If I could answer in the affirmative, I could prove it works and not have to talk to anyone. I can make a bunch of lesser claims, that of course fail to add up to the strong claim but make me feel better: 1. For years, people have written and relied on C/C++ characteristics that apparently were not in the standard until later if at all. If the popular platforms support it, it takes a strong reason to justify a violation of it. 2. Java, on any platform, would seem to strongly depend upon a reference assignment being accomplished all-or-nothing as a machine assignment. The alternative would be threads that see partial references being assigned in different threads and all the safety of references is out the window. This is such a common operation, it would be difficult to believe that there is thread synchronization going on around every pointer/reference assignment. 3. I have looked at the output of many C compilers and have never seen a pointer assignment take multiple instructions. The exception might be if someone used a poorly-written memcpy-like operations to transfer the contents of a structure byte by byte. A well-written one takes the respective alignments into account and transfers aligned 32-bit quantities one-by-one. We are talking about code in a controlled Hashtable class, it would have to be the "C" compiler choosing to transfer a class consisting of a single address field using something other than a single instruction. It doesn't sound logical to me, but it wouldn't surprise me completely to see it happen, but I would report it as a compiler bug and expect it to be addressed even though it is not in the standard. 4. These issues have to be addressed with the multi-processor cores becoming more prevalent because they are basic to lock-free processing, or can C++ accept significant inferiority to Java with respect to lock-free multiprocessing? Sorry that my arguments in this case frequently refer to Java.

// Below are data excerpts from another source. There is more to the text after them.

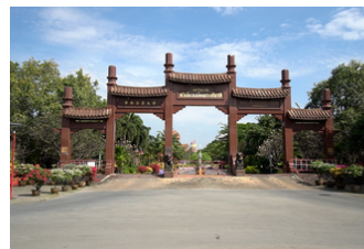
Hua Chiew University (2.3 k.m.)
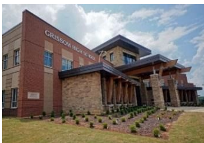
Grissom High School
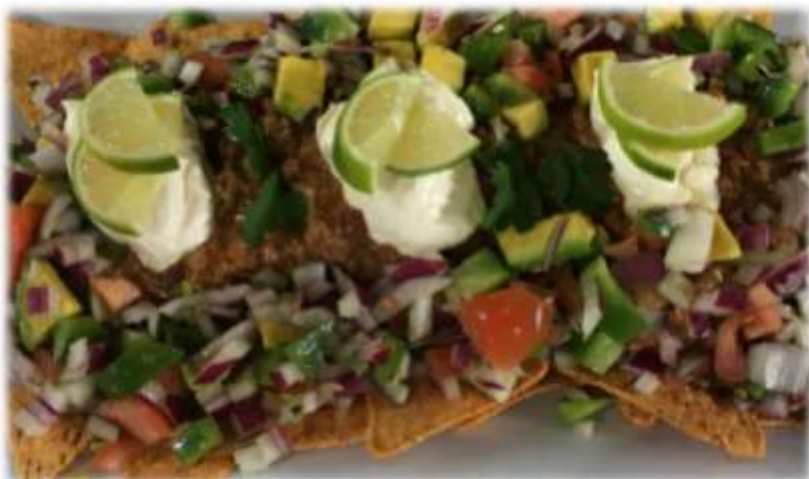
Bake or Burn: Bulahdelah Central School's Beef Nachos with Avocado Salsa
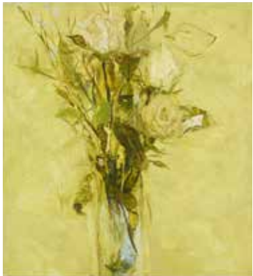
Jennifer Packer Untitled , 2014 Oil on canvas 11 x 12 in.
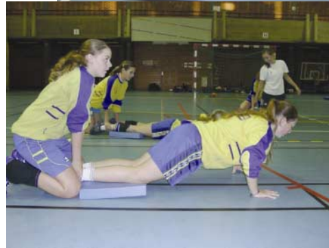
Fig 2 Example of a strength exercise (“Nordic hamstring lowers”). Top: start position; a partner holds around the player’s ankles. Bottom: The player falls slowly forwards, using hamstrings to resist the fall against the floor as long as possible

relative risk of the number of injured players according to the intention to treat principle to compare the risk of an injury in the intervention and control groups. Cox regression was our analysis tool for the primary outcome as well as the secondary outcomes, and we used the robust calculation method of the variance-covariance matrix, 16 taking into account the cluster randomisation. We tested rate ratios with Wald’s test. We used one way analysis of variance to estimate the intraclass correlation coefficient to obtain estimates of the inflation factor for comparison with planned sample size. We used the inverse of the difference between percentages of injured players in the two groups to calculate the number needed to treat to save one injury. We calculated exposures to training and matches and incidence of injury as described in our earlier study.
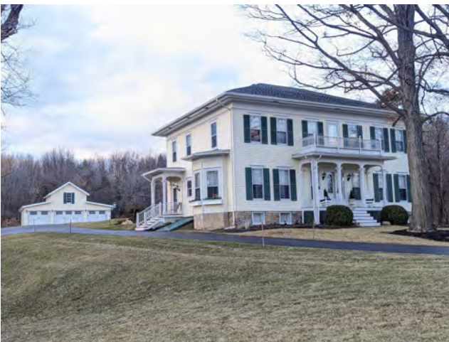
4828 CR 16 Photo 3: (2023-01-06T03:23:26.682Z)
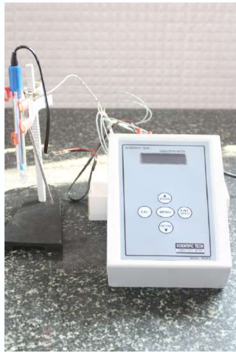
Digital Conductivity TDS Meter
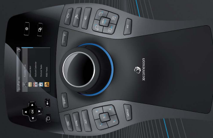
SpacePilot™ Pro Ultimate 3D Navigation for Power Users

SpacePilot Pro is the ultimate professional 3D mouse, engineered to excel in today's most demanding 3D software environments.
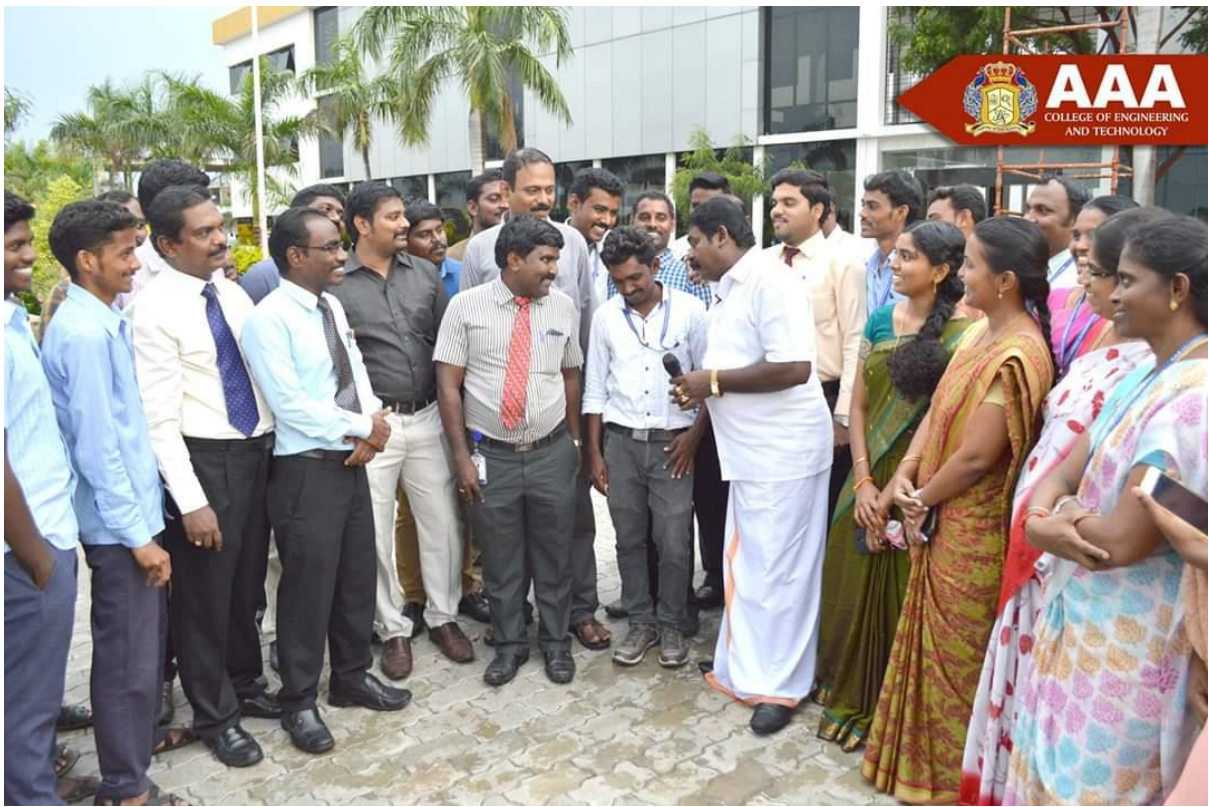
Sollunganne Sollunga program by Sun TV

Have you read any of the literature on lock-free data structures, btw? There was articles in the October and December '04 C/C++ User Journal about them.
I have read a number of articles on the subject, several specifically on the topic of lock-free hashtables, several with implementations they claim to be proven to be correct. My own first attempt is far from a proven-correct implementation. Many seem to arrive at similar conclusions, although each has its own slightly-different take on the subject and quite different mechanisms. They are also very often theoretical and build their proofs of completeness on features not apparently explicitly present in "C" standards. I certainly have yet to find an implementation I can just plug in and use. They often resort to garbage collection to solve the hard problems (even if they are working in C) or if they solve the deallocation problem, they only do so for the main array, not for the entries in the hashtable itself.
I realize that I haven't answered your original question about atomic_count, btw, and I'm sorry: the reason is simply that I don't know!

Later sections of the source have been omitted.